Data for this exercise Block Start
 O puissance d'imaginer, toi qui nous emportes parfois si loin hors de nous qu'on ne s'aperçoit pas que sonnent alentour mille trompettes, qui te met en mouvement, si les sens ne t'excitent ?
Data for this exercise Block End
Data for this exercise Block Start
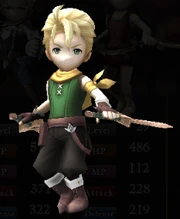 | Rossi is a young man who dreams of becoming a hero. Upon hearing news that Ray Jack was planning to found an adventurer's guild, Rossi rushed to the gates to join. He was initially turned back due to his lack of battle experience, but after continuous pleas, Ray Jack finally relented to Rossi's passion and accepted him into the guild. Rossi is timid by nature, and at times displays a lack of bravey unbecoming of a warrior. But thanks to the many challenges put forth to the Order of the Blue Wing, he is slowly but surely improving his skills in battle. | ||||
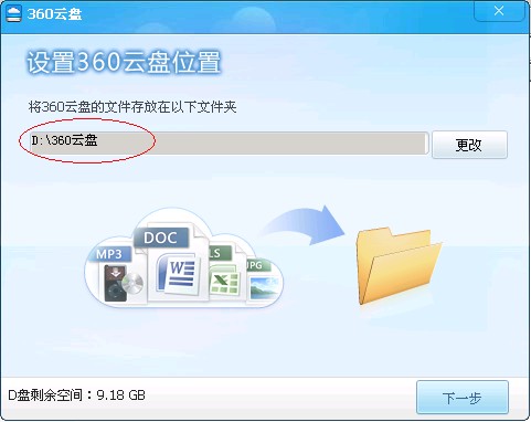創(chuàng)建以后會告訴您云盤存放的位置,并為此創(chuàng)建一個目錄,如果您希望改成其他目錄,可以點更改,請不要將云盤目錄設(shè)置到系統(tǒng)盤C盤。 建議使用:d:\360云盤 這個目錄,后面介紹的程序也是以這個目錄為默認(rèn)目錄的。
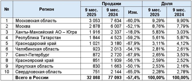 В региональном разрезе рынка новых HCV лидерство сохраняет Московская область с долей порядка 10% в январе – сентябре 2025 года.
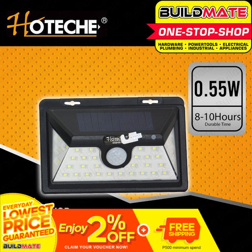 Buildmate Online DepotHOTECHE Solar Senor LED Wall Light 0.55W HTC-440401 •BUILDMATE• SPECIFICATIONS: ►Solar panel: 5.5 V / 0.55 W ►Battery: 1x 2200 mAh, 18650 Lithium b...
Data for this exercise Block End
### Aim of the exercise
Only one stretch of the listing is wanted: the lines starting at the one with "В региональном разрезе" and ending at the one with "Buildmate Online DepotHOTECHE", copied exactly and free of pictures.

### Solution to the exercise
 В региональном разрезе рынка новых HCV лидерство сохраняет Московская область с долей порядка 10% в январе – сентябре 2025 года.
 Buildmate Online DepotHOTECHE Solar Senor LED Wall Light 0.55W HTC-440401 •BUILDMATE• SPECIFICATIONS: ►Solar panel: 5.5 V / 0.55 W ►Battery: 1x 2200 mAh, 18650 Lithium b...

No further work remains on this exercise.